Marcia at Frugal Healthy Simple recently wrote an excellent, heartfelt post about the Food Pyramid, and how, basically, it's just wrong. It contains too many grains, not enough proteins and fats, and far too many carbs. It's an improper mix of dietary inputs.
But it's worse than just being wrong. When the Food Pyramid came out some twenty years ago, people followed it. Marcia included. And with reason: after all, isn't the government here to help? It has our best interests at heart, right?
Right?
Now that more and more of us know the Food Pyramid's wrong, many of us can't help but wonder: were all our efforts to lose weight, and all those years struggling with our diet and with excess body fat... were we sabotaging ourselves all along by eating too many carbs? As our own government instructed us?
I think you'd be completely justified for being angry.

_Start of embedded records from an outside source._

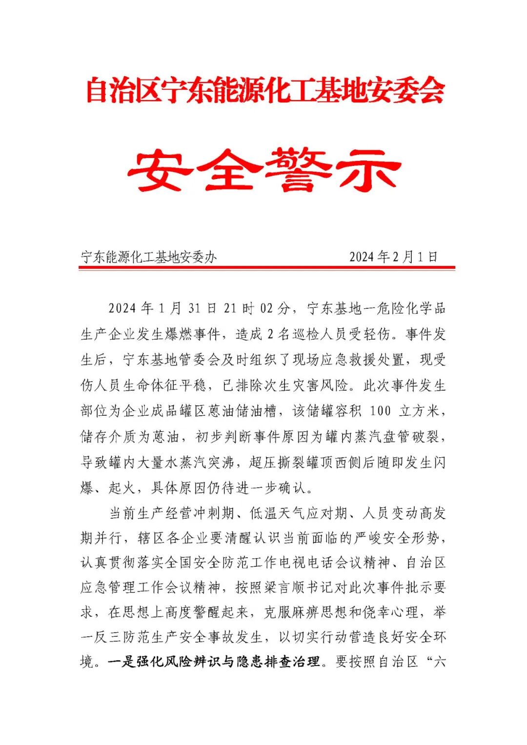 据“宁东应急”微信公众号2月1日消息,1月31日21时02分,宁夏宝丰能源集团股份有限公司精细化工厂发生一起爆燃事故,造成现场临近的2名巡检人员受轻伤。事故发生后,宝丰公司立即启动应急响应,14分钟火情解除,事故得到有效处置,未发生次生灾害。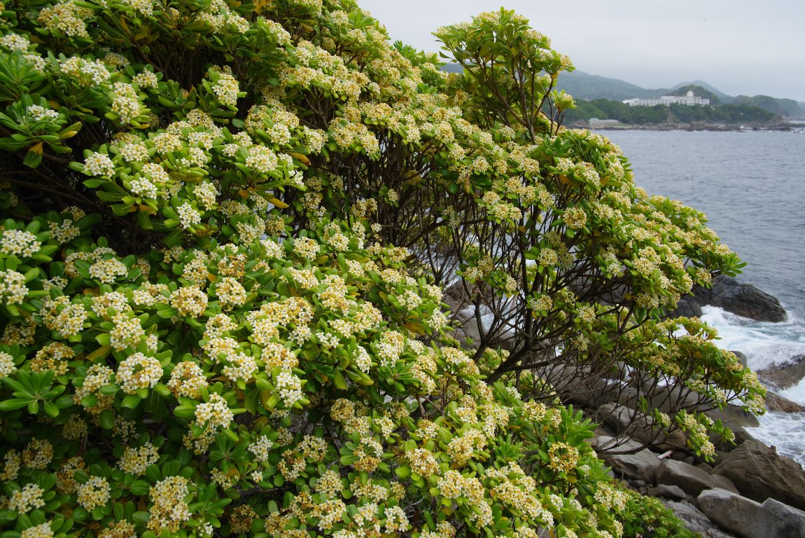 南紀の海岸を覆い尽くすように咲いていたのは、トベラの木。 環境に強いので、道路の垣根として植えられていることも多い。 クリーム色の花越しに、黒潮の海が広がっていた。 |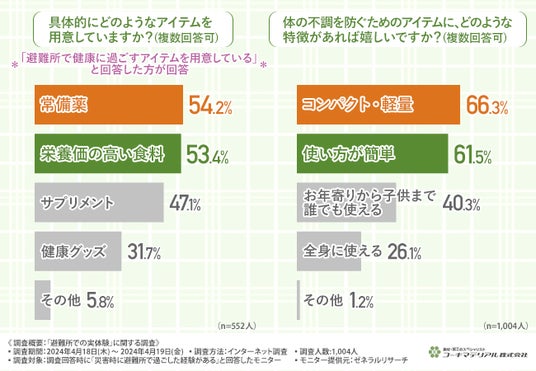 身体の不調を防ぐためのアイテムとして、持ち運びに便利で、簡単に使えるというニーズが高いことが示されることから、限られた空間でも使用でき、持ち運びに便利で誰でも使えるアイテムがあれば、避難所でも健康に過ごせる可能性が示唆されました。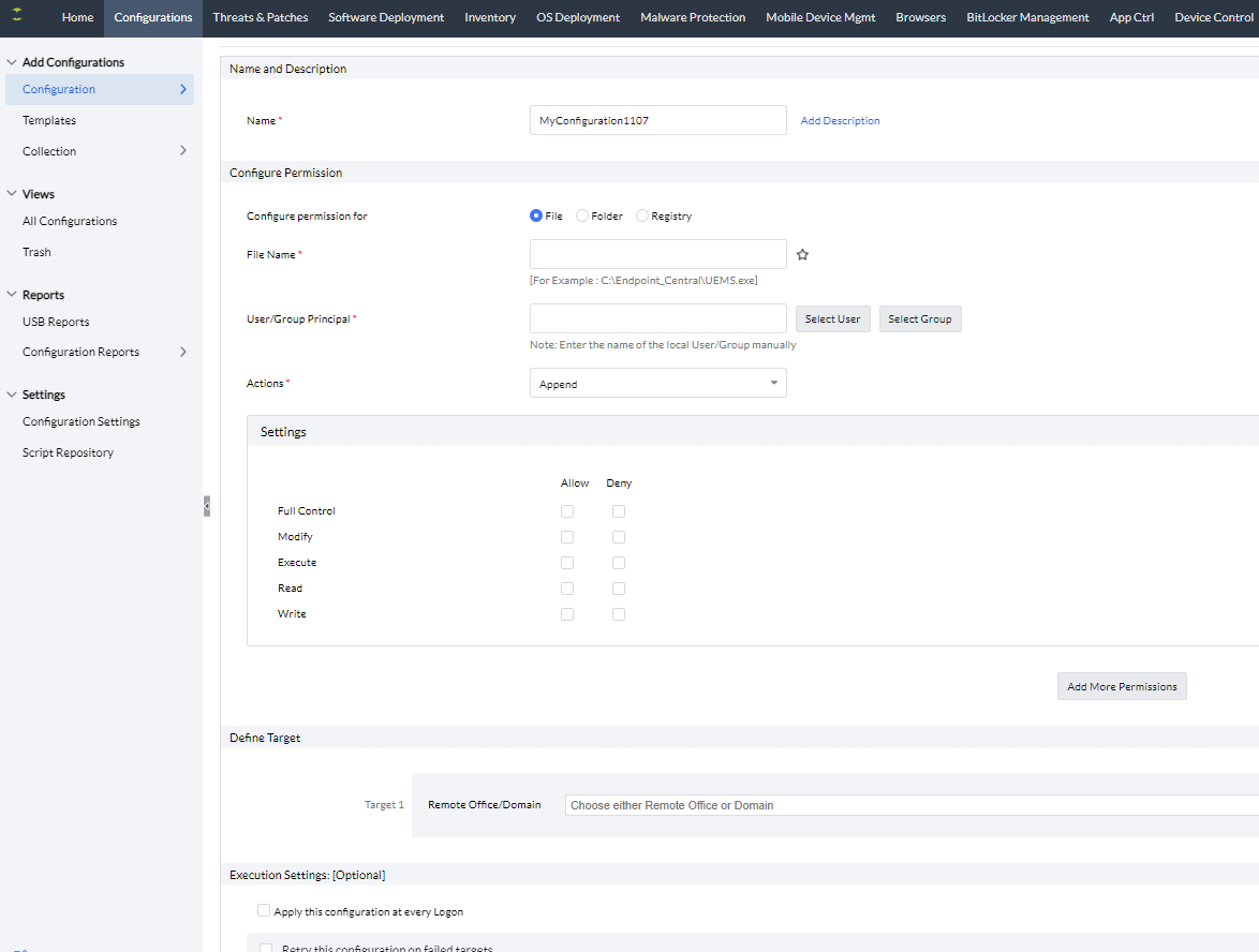 לדוגמה נפרט יצירת קונפיגורציית Permission Management, אפשרות נפוצה ושימושית ליצירת הרשאות גישה לקבצים ותיקיות: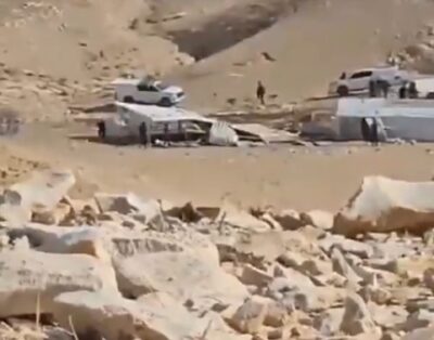According to the Jerusalem Governorate, the demolitions targeted two residential units and a sheep pen belonging to Palestinian citizen Mohammad Al-Ma’azi, as well as another residential unit and sheep pen owned by his brother, Jamil Al-Ma’azi.

Granted, people--and governments--make mistakes. And the scientific consensus on many, if not most, issues is in a constant state of flux and iteration. In fact, I'm working on a post right now about the various health and dietary myths that have been thoroughly debunked over the past few decades (the Food Pyramid's "six servings of healthy whole grains per day!" is just one of many), and it really makes you wonder: how many things out there do we believe are true that we just haven't debunked yet?
Think about this for a few minutes and it will make you very humble, not just about government dietary guidelines, but about most the things we think we know. This is the reason Marcia's post--and the entire Broken Food Pyramid debate--resonates with me.
There's often a process of consensus-building that makes some subject domains, dietary science included, appear more "decided" than they really are. In fact, we see consensus thinking in many areas: economics, investing, the social sciences, and not to mention in ideologically contentious domains like climate change, environmental policy, trade policy, tax policy and so on.
But just because elite "experts" reach a consensus and hand it down to us doesn't mean things are as conclusive as they appear.
Worse, even after thinking begins to change in a given domain, the overall scientific consensus lags this change in thinking--often by years, even decades. And since government policy recommendations are determined by whatever consensus is in effect at the time they're created, it's the very last to adjust.
We're seeing this right now with the Food Pyramid. And the process is glacial, to put it diplomatically.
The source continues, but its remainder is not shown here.